PLAY [overcloud] ******************************************************************************************************************************************************************************************************************************

TASK [Gathering Facts] ************************************************************************************************************************************************************************************************************************
fatal: [192.168.0.60]: UNREACHABLE! => {"changed": false, "msg": "Failed to connect to the host via ssh: Warning: Permanently added '192.168.0.60' (ECDSA) to the list of known hosts.\r\nPermission denied (publickey,gssapi-keyex,gssapi-with-mic,password).\r\n", "unreachable": true}
	to retry, use: --limit @/home/stack/192.168.0.60/tripleo-brhMzi-config/upgrade_steps_playbook.retry

PLAY RECAP ************************************************************************************************************************************************************************************************************************************
192.168.0.60               : ok=0    changed=0    unreachable=1    failed=0

Comment 3 Marios Andreou 2017-10-17 15:44:59 UTC
o/ mcornea 

so there are two username related things here but we should be clear and possibly need to file a new BZ for the tracking. This BZ as currently titled is about the username that the upgrade-non-controller.sh is trying to use when ssh-ing to the overcloud nodes. As per comment #1 and #2 you can override this OK with the existing UPGRADE_NODE_USER environment variable prior to invoking the upgrade-non-controller.sh. For a better user experience we can also consider the patch at https://review.openstack.org/#/c/512638/ which wires that up via a --overcloud-user cli option to the upgrade-non-controller.sh. 

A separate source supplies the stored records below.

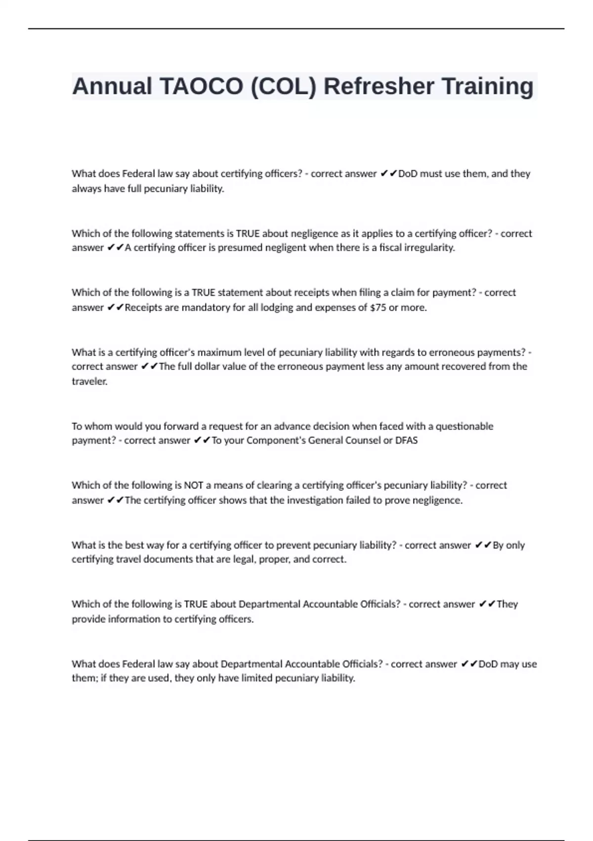 Annual TAOCO (COL) Refresher Training with complete solutions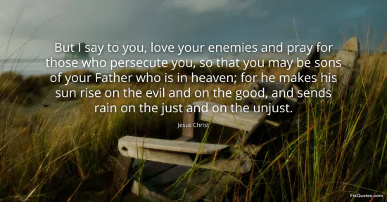 Christ, Jesus. "But I say to you, love your enemies and pray for those who persecute you, so that you may be sons of your Father who is in heaven; for he makes his sun rise on the evil and on the good, and sends rain on the just and on the unjust." FixQuotes. February 18, 2026. https://fixquotes.com/quotes/but-i-say-to-you-love-your-enemies-and-pray-for-185625/.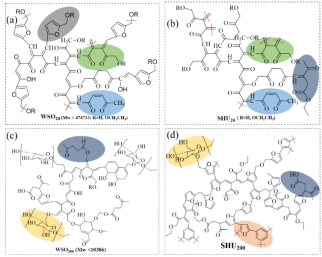 基于此背景,團(tuán)隊(duì)對(duì)高濃生物質(zhì)葡萄糖基于酸催化醇解制備乙酰丙酸酯的反應(yīng)行為、產(chǎn)物形成以及過程機(jī)理進(jìn)行了深入研究。對(duì)比發(fā)現(xiàn)當(dāng)葡萄糖底物濃度從20g/L提高至200g/L,會(huì)極大促進(jìn)可溶性低聚物的生成,而固體腐殖質(zhì)的生成量基本不變。當(dāng)?shù)孜餄舛壬吆螅磻?yīng)初始階段葡萄糖的自聚合反應(yīng)會(huì)加劇,同時(shí)反應(yīng)中間產(chǎn)物濃度的升高也會(huì)促使化學(xué)平衡偏向可溶性低聚物的形成,從而導(dǎo)致目標(biāo)產(chǎn)物乙酰丙酸酯的得率降低。研究進(jìn)一步對(duì)不同底物濃度葡萄糖反應(yīng)生成的可溶性低聚物和固體腐殖質(zhì)的結(jié)構(gòu)特點(diǎn)進(jìn)行了系統(tǒng)表征,獲得了相應(yīng)物質(zhì)的化學(xué)結(jié)構(gòu)模型,闡明了高濃葡萄糖醇解的反應(yīng)過程機(jī)理。研究結(jié)果可為高濃生物質(zhì)糖催化轉(zhuǎn)化選擇性制備高值能源化學(xué)品的途徑開發(fā)與策略構(gòu)建提供基礎(chǔ)理論指導(dǎo)。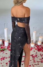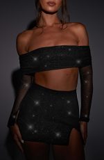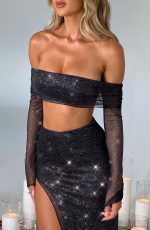 Prepare to mesmerise in the Jana crop top, an off shoulder style with long sheer sleeves. Made in our signature sparkle mesh with all-over sparkle detail, pair with the Jana maxi and sparkle all night long.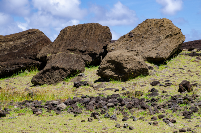 Statues found lying on the ground do not have eyes yet and are blind and have no power. There is also a superstition that the fallen Moai have fallen for a reason, so they are never lifted back up. When fighting broke out among the clans (see below), they would topple the other clan’s Moai which would take the power away from the Moai and therefore from the people.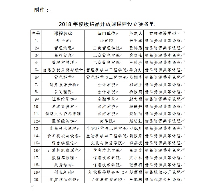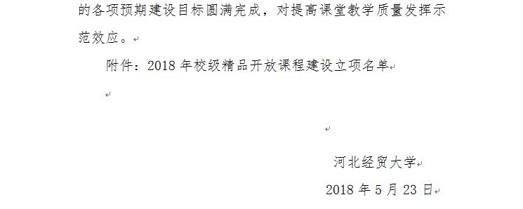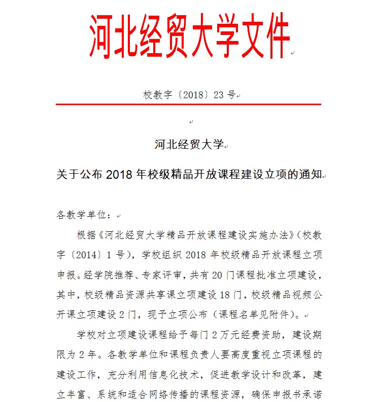 河北经贸大学关于公布2018年校级精品开放课程建设立项的通知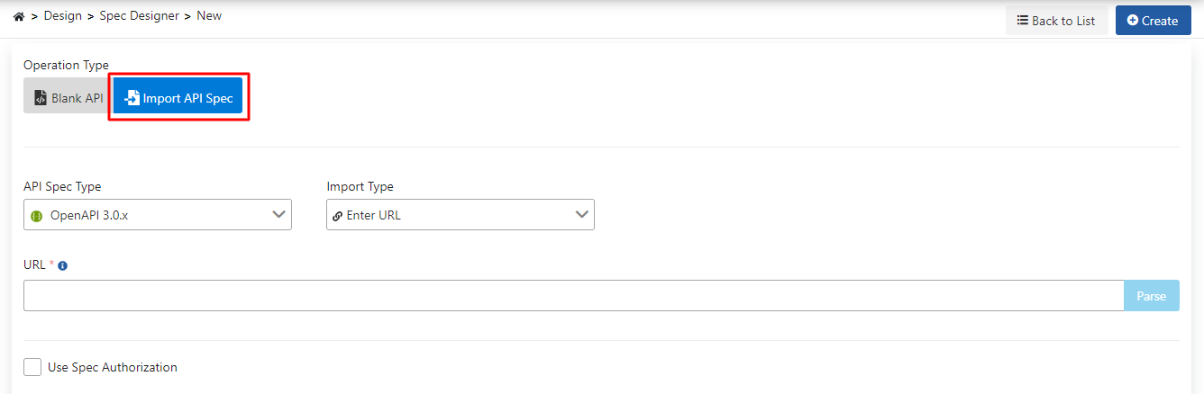 The second option to create a new API Spec is to import an existing API Spec. For this, the Import API Spec option is selected.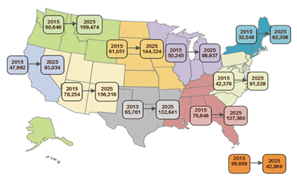In fact, the 2015 Workforce Study paints a startling picture of the rheumatology workforce in the next 10 years. It projects a shortage of 3,845 rheumatologists in the U.S. by 2025, an increase from the 2005 ACR Workforce Study, which projected a shortage of 2,576 rheumatologists. A declining rheumatology workforce resulting from significant baby boomer retirements (among both patients and rheumatologists), millennial ascendency and a gender shift toward women will be met with an increasing patient demand.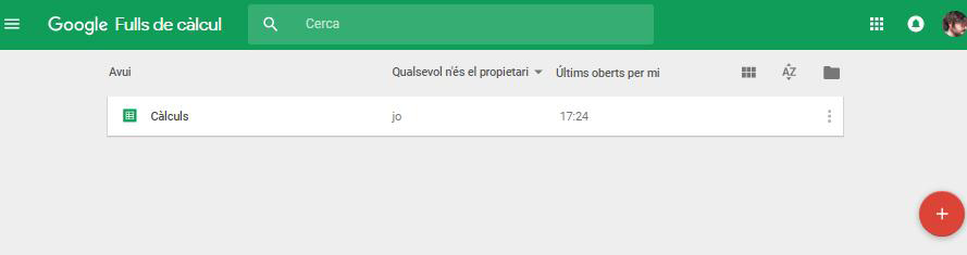 Per entrar a l’aplicació, cal accedir a https://docs.google.com/spreadsheets amb les credencials del compte de Google. En entrar-hi, hi ha la pantalla següent: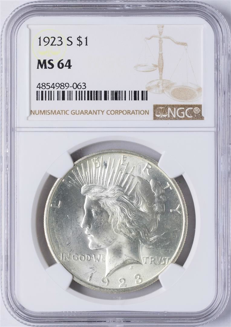 One 1923-S $1 Peace Silver Dollar Coin NGC MS64. NGC Certified.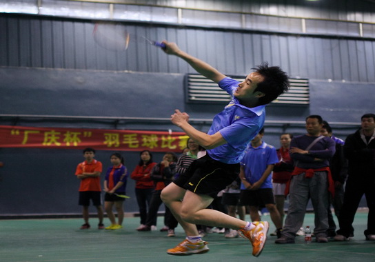 12月7日一大早,,,,,角逐现场就充满火热的角逐气氛。。。9个羽毛球场同时开赛,,,,,全场马上热火朝天,,,,,欢呼声此起彼伏。。。赛场上,,,,,着运动装的参赛者们活力四射,,,,,激情迸发。。。参赛选手充分验展顽强拼搏的精神,,,,,其中几位羽毛球能手的精彩体现,,,,,更为角逐增色不少。。。尤其在各个项目的决赛中,,,,,强强对弈,,,,,激起场下一片欢悦,,,,,整个赛场上下充满了拼搏、协谐和欢喜的气氛。。。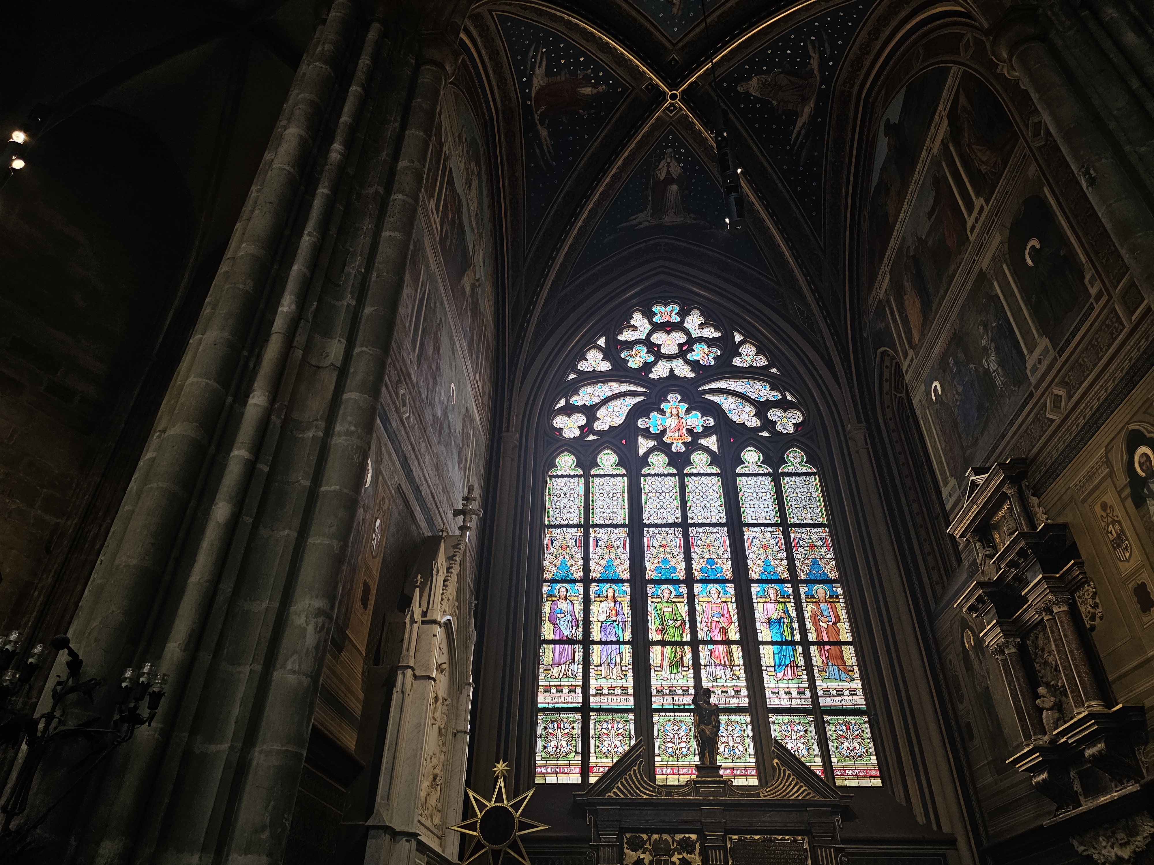💒 성 비투스 대성당 (St. Vitus Cathedral): 프라하성의 중심이자 가장 웅장한 건축물. 고딕 양식의 정수로, 내부 스테인드글라스와 지하 왕실묘는 꼭 봐야 할 명소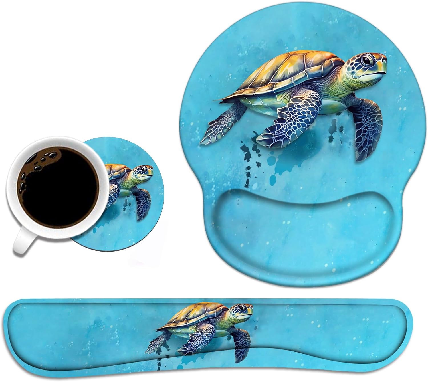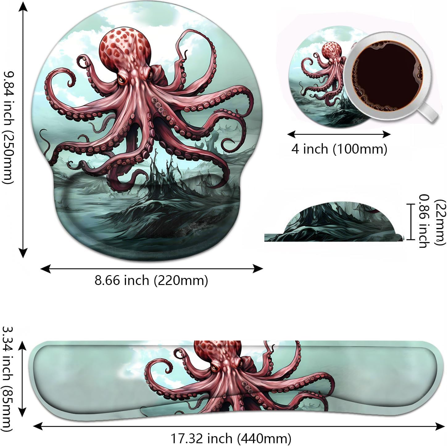 Ergonomic mouse pad with wrist support + keyboard wrist rests + cup coaster set for Home/Office/Work/Study✔ Are you looking for wrist rest mouse pad set with vivid images in bright color?✔ Do you want to get a PC accessory to prevent carpal tunnel issues?If Yes, we just solve your problems NOW, BWOOLL gaming mouse pad with wrist support set is the right choice for you.Features:- Wrist pad arc design fits the human wrist joints to keep the wrist in a natural and comfortable state.- Keyboard wrist & Mouse Wrist is made of cushioned neoprene, Non-toxic, no odor, harmless to health.- Non-slip rubber base provides heavy grip preventing sliding or unwanted movement.Suitable for different surface conditions.- High-definition printing, bright colors, easy to clean, not easy to fade.- Keyboard wrist rest pad & wrist support mouse pad set is a perfect office gift for colleagues, friends, teachers, boss, etc.Product Specification:Keyboard Wrist Rest Pad: 17.32" x 3.34" x 0.98" Mouse Pad Wrist Support: 9.84" x 8.66" x 0.86"Coffee Coaster: 4" x 4" x 0.08"Material: Surface Lycra fabric + Gel + Memory foam + Bottom rubberPackage List:1 x Mouse Pad with Wrist Support1 x Wrist Pad for Keyboard1 x Cute Coffee CoasterIf you’ve any questions or concerns about the product, please contact us, we are always here to help.Now, click "ADD TO CART" to get a worthy wrist rest pad set for mouse and keyboard.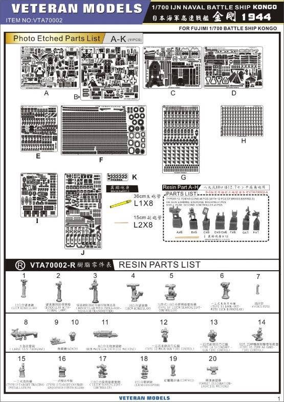 This is a set of sharply cast resin parts, photo-etch parts and brass parts to detail up the items as shown here and described in the title.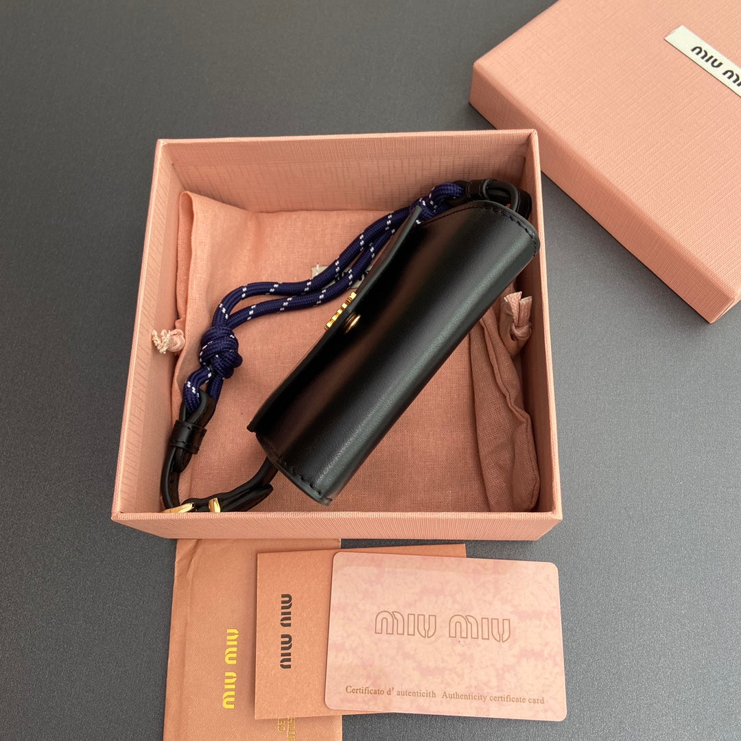 Miu Logo Wallet On A Chain 10.5 Lettering Black Calfskin 240406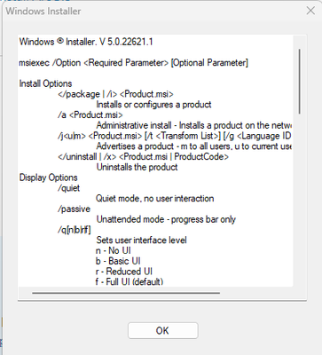 I have completed steps 1-4, but when I kick off the install, I get windows install box with some msiexec commands so I am guessing i have something incorrect in my syntax. This box just pops up, I click ok, it goes away and I'm left with a blinking cmd line again.

The other issue as per comment #2 is the username expected by the tripleo ansible inventory. I just spent some time digging, the ansible_ssh_user we spoke about earlier was added here https://review.openstack.org/#/c/493046/. I spotted this while trying to work out how to override it https://github.com/openstack/tripleo-validations/blob/27193e01a42aa00c2058d49c6ae7cf9cdd659aa7/scripts/tripleo-ansible-inventory#L55-L57 - so I think we should be able to use a config file specifying the desired ansible_ssh_user ? I will need to followup with someone from DFG:DF to confirm this still. We might also consider filing a new BZ for this one but it isn't yet clear if we will need any code changes here yet so we can wait for now I think.

thanks

Comment 4 James Slagle 2017-10-17 16:00:14 UTC
you need to pass --ansible_ssh_user to tripleo-ansible-inventory. if that can't be done via -i on the ansible-playbook command line, then generate the inventory to a static file first with --static-inventory <file-path>

Comment 6 mathieu bultel 2017-11-15 16:03:38 UTC
openstack-tripleo-common-7.6.3-3.el7ost

Comment 10 errata-xmlrpc 2017-12-13 22:15:46 UTC
Since the problem described in this bug report should be
resolved in a recent advisory, it has been closed with a
resolution of ERRATA.

For information on the advisory, and where to find the updated
files, follow the link below.

If the solution does not work for you, open a new bug report.

https://access.redhat.com/errata/RHEA-2017:3462